- Theatrical poster
- Stille hjerte
- Directed by: Bille August
- Written by: Christian Torpe [da]
- Produced by: Jesper Morthorst
- Starring: Ghita Nørby; Morten Grunwald; Paprika Steen; Jens Albinus; Danica Curcic; Pilou Asbæk;
- Cinematography: Dirk Brüel
- Edited by: Anne Østerud Janus Billeskov Jansen [da]
- Music by: Annette Focks
- Production company: SF Film
- Distributed by: Level K (Scandinavia);
- Release dates: 20 September 2014 (Spain); 13 November 2014 (Denmark);
- Running time: 98 minutes
- Country: Denmark
- Language: Danish
- Budget: DKK 13 mio

= Silent Heart =

2014 film

Silent Heart (Stille hjerte, Quiet heart) is a 2014 Danish drama film directed by Bille August, and starring Ghita Nørby, Morten Grunwald, Paprika Steen, and Jens Albinus. The film was nominated for the 2015 Nordic Council Film Prize.

== Plot ==
A family of three generations gather over a weekend to say goodbye to Esther who suffers from an incurable disease, amyotrophic lateral sclerosis, and with the help of her husband Poul has chosen to pursue euthanasia when the weekend is over. But as the end approaches, the mother's decision becomes more and more difficult to handle for the daughters Heidi and Sanne, and old conflicts come to the surface.

== Cast ==
- Ghita Nørby as Esther
- Morten Grunwald as Poul
- Paprika Steen as Heidi
- Danica Curcic as Sanne
- Jens Albinus as Michael
- Pilou Asbæk as Dennis
- Vigga Bro as Lisbeth
- Oskar Sælan Halskov as Jonathan

== Themes ==
The topic of August's film is euthanasia. The film is a family drama about three generations coming together over a weekend to say goodbye to their wife, mother, mother in law, grandmother and friend.

== Release ==
The film premièred 20 September 2014 at the San Sebastián International Film Festival where it received a 20 minutes standing ovation. It was released theatrically in Denmark 13 November 2014.

== Reception ==
Film critic Morten Piil in Filmmagasinet Ekko gave the film 5 out of 6 stars and wrote: "All in all, Silent Heart is Bille August's most complete film since The Best Intentions." Jonathan Holland for The Hollywood Reporter wrote positively from San Sebastián that "After the disappointing Night Train to Lisbon, Heart signals a return to form for the former Oscar-winner Bille August, who here explores with practised ease and an alertness the emotional truth of the dynamics of an ordinarily neurotic family in an extraordinary situation. Accessible without being easy, and played to perfection by a superbly directed cast, Heart looks set to beat at festivals and in the European arthouse."
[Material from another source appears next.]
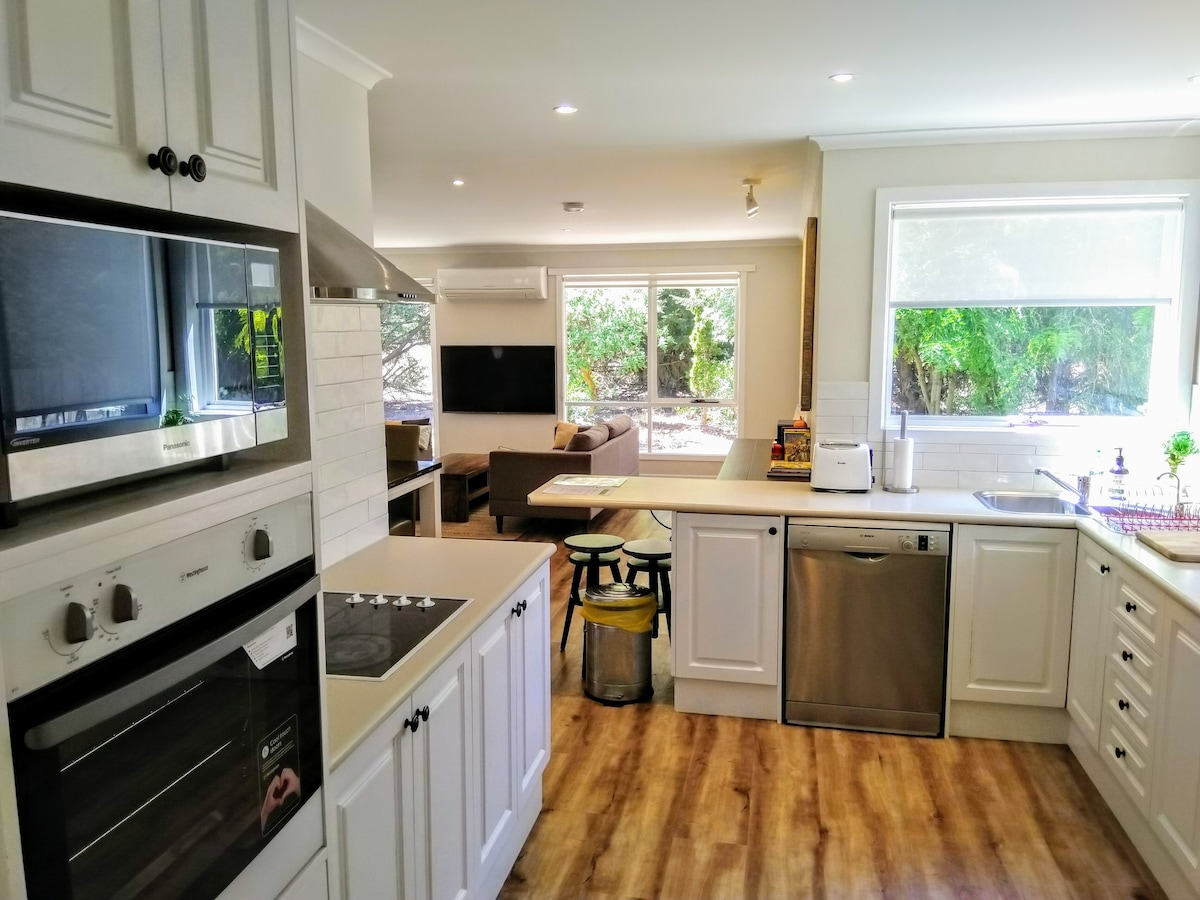 ‘Artisan’ cottage welcomes all visitors, local and international. Our historic cottage has period features cleverly integrated with modern facilities which include two luxurious queen size beds , two bathrooms, open plan lounge, dining and kitchen. We are unique to Ballarat offering the cosy comfort of a wood fire as extra heating for those cold country nights. The designer kitchen suits all cooking needs and modern laundry facilities are included for convenience. 'Artisan' Cottage Ballarat.

Jay Weissberg for Variety on the other hand wrote that "Silent Heart is a standard-issue tearjerker about a dying matriarch gathering her family around on the weekend she plans to off herself. The only surprise is when the script goes from merely stereotyped to spectacularly silly with a late revelation that would feel idiotic even in a farfetched 1940s meller."